Studio album by Brad Paisley
- Released: November 4, 2008
- Studio: The Castle (Franklin, Tennessee); Blackbird (Nashville, Tennessee); Digital Insight (Las Vegas, Nevada);
- Genre: Country
- Length: 62:06
- Label: Arista Nashville
- Producer: Frank Rogers

Brad Paisley chronology
| 5th Gear (2007) | Play (2008) | Playlist: The Very Best of Brad Paisley (2009) |

Singles from Play
- "Start a Band" Released: September 15, 2008;

= Play: The Guitar Album =

Play: The Guitar Album is the seventh studio album by American musician Brad Paisley. It was released on November 4, 2008 (see 2008 in country music). Like all of his previous albums, Play was released on Arista Nashville and produced by Frank Rogers.

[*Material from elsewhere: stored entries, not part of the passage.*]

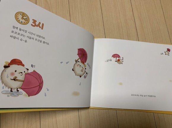 이 책은 간단하게 시간개념도 알려줄 수 있는 책이에요. 오전 10시부터 3시까지 여기저기 나들이를 나서는 포코포코. 올빼미네 시계 가게엔 무슨 일일까요?
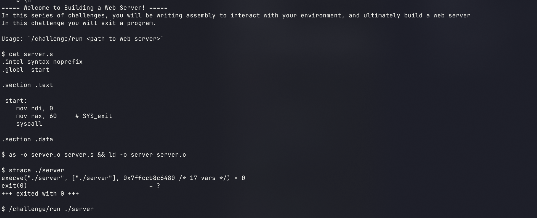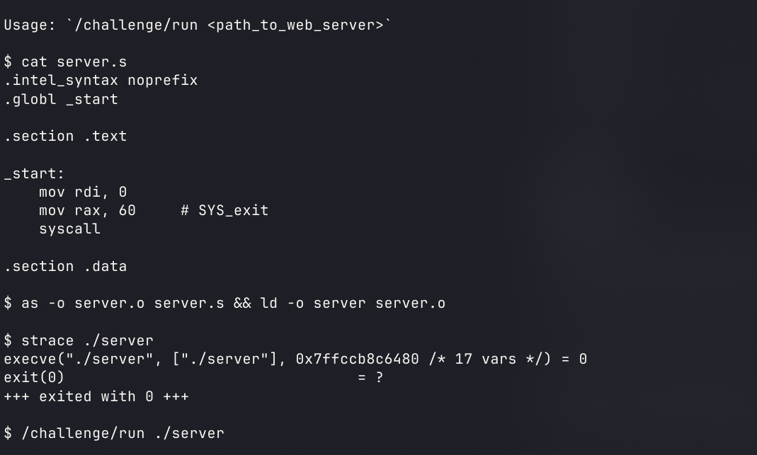 为何一定要用汇编写,我思考了很久这个问题,得出的结果是牛魔的pwncollege想累死我,处理成两个分支,再加上了一些补充的点,这里的汇编全都是用的rsp缓冲区,不涉及栈空间
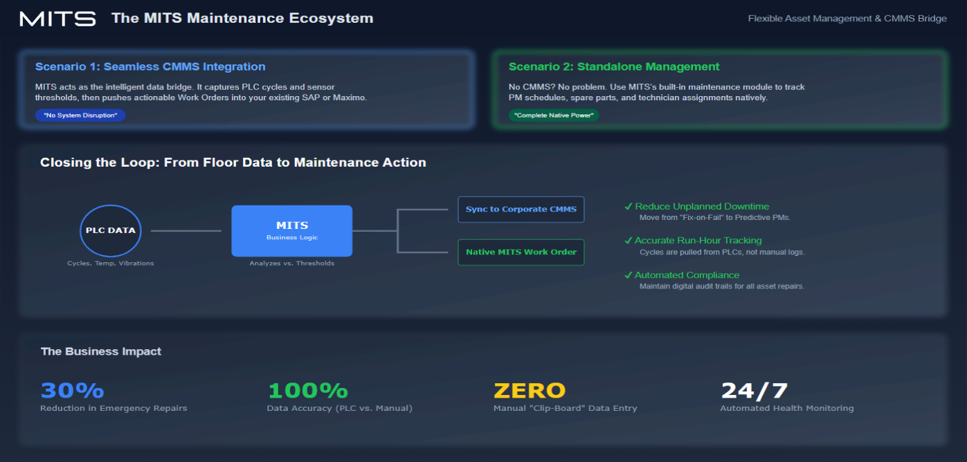 Connect MITS directly to existing CMMS platforms or utilize its built-in maintenance management capabilities. This flexibility allows organizations to align maintenance execution with production data without disrupting established systems.

The album is largely instrumental in nature, except for five vocal tracks, and strays from Paisley's usual country music output to touch on other styles of music. One of these tracks, "Start a Band" (a duet with Keith Urban), has been released as a single and has become Paisley's ninth consecutive Number One country hit, and his thirteenth overall. The album cover photograph was taken at Bristow Run Elementary School in Bristow, Virginia.

Professional ratings
Aggregate scores
| Source | Rating |
| Metacritic | (70/100) |
Review scores
| Source | Rating |
| Allmusic | Star Half star |
| Billboard | (favorable) |
| Blender | Star |
| Entertainment Weekly | B− |
| Hartford Courant | (favorable) |
| Los Angeles Times | Star Half star |
| Mojo | Star |
| Slant | Star |
| Uncut | Star |
| USA Today | Star Half star |
| The Village Voice | (positive) |

==Content==
Play is largely an album of instrumentals, though Paisley sings five duets with other vocalists, including B.B. King, Buck Owens, and Keith Urban. King and Urban both play guitar on their respective duet tracks. Another track, "Cluster Pluck", features James Burton, Vince Gill, Albert Lee, John Jorgenson, Brent Mason, Redd Volkaert and Steve Wariner. The Buck Owens duet is a song which Owens co-wrote. It is not strictly a country music record, featuring jazz guitar and a song described by Paisley as "very heavy metal." The final track, "Waitin' on a Woman", was first included on Paisley's 2005 album Time Well Wasted, and was later re-recorded as a bonus track to 2007's 5th Gear, from which it was released as a single. The version featured here includes guest vocals from Andy Griffith, and is the version used in the song's music video.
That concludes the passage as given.